Now I would like to turn to the wider issue of Export Control Reform, and how BIS’s export enforcement team participates in the process. In November, President Obama signed an Executive Order creating a central element of reform as it applies to Export Enforcement, the Export Enforcement Coordination Center.
The EECC will be a permanent committee with dedicated staff intended to ensure that BIS, State, the FBI, the U.S. Immigration and Customs Service, and the intelligence community coordinate their activities.
The EECC will enable U.S. agencies to better leverage their resources without duplicating or undermining each other’s efforts in the field, and will allow all relevant agencies to approach investigations as full partners.
OEE will more closely coordinate its investigative efforts via the EECC. For example, when OEE initiates an investigation, it will send the names of suspects to the EECC for deconfliction. The EECC will then identify any other law enforcement agency identified in the deconfliction process that is investigating the same suspects. While many of these cases will be worked jointly, when this is not the case, agents will be put in touch with each other so investigations can be coordinated.
The EECC is still in the very early stages of organizational development. A secure facility is being built in Northern Virginia to house the EECC, and individuals from participating agencies are being selected to staff it. We are now working with participating agencies on standard operating procedures for the EECC.
While we fully support appropriate liberalization of licensing requirements, both U.S. exporters and customers and resellers outside the United States dealing with sensitive U.S.-origin products need to know that U.S. controls apply, and that U.S. enforcement authorities can and will make sure that the rules are followed, despite the fact that no export license may be needed for the initial transaction.
In our review of regulatory initiatives such as the new License Exception STA, we have kept this firmly in view. The notification and certification requirement of STA, for example, not only guarantees that data on the control status of U.S.-origin items is passed along to resellers and customers, but that an auditable chain of custody is established.

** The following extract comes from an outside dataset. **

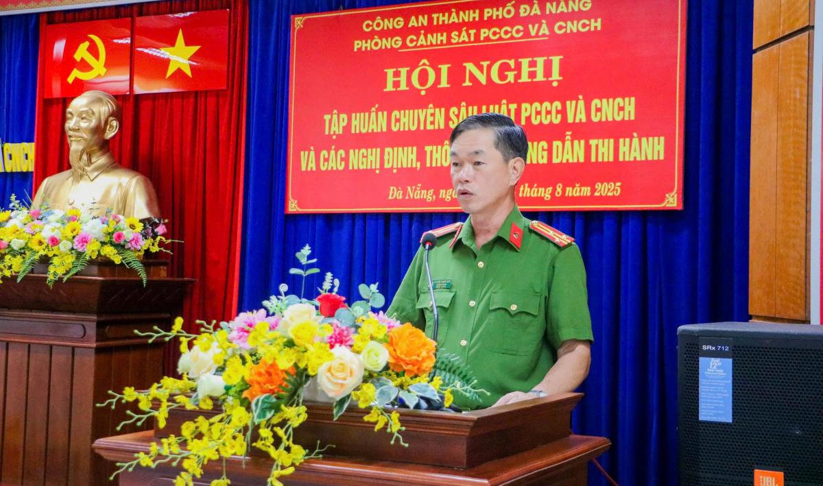 Thượng tá Nguyễn Thành Nam - Trưởng phòng khẳng định Luật PCCC và CNCH được Quốc hội khóa XV thông qua ngày 29-11-2024, là bước tiến quan trọng trong việc hoàn thiện hệ thống pháp luật về lĩnh vực này. Ngay sau đó, Chính phủ ban hành Nghị định số 105 và 106; Bộ Công an ban hành các Thông tư số 36, 37, 38 quy định chi tiết và hướng dẫn thi hành; UBND TP Đà Nẵng cũng đã triển khai các kế hoạch phù hợp với tình hình thực tiễn địa phương. Mục tiêu của lớp tập huấn là giúp lãnh đạo, CBCS nắm vững nội dung cốt lõi của Luật và các văn bản hướng dẫn, hiểu rõ những điểm mới, những thay đổi về phân công, phân cấp và trách nhiệm quản lý nhà nước.

This helps all of us, as it not only makes enforcement easier and more transparent, but places compliant U.S. companies on a more equal footing with resellers and customers overseas, who may not be as diligent in complying with U.S. controls after the initial export transaction.
A word about outreach. An important job of our 9 U.S. field offices and Export Control Officers in 6 overseas locations is outreach- providing information on compliance practice and enforcement issues to U.S. and overseas companies.
Our offices regularly conduct outreach visits to companies and universities; last year we conducted over 800 such visits. Of course, we also participate with BIS Export Administration and other agencies such as the FBI in outreach events such as this one for this very purpose.
To conclude, we in Export Enforcement are dedicated to our national security mission in this very challenging global environment. We want to make it crystal clear to bad actors, whether they contemplate diverting U.S. products, getting access to controlled U.S. technology, or circumventing U.S. embargoes, that we can and will catch up with them, and impose penalties to the fullest extent of the law.
With the support of our dedicated Agents in the field, our outstanding analysts in headquarters, and the quality legal support we receive from the Office of Chief Counsel, we will continue to strive to improve our work, and make President Obama’s goal of export control reform a reality.
While we have had many successes in the past, there is much work that needs to be done, and we need your help to do it. I look forward to working with you on this important mission.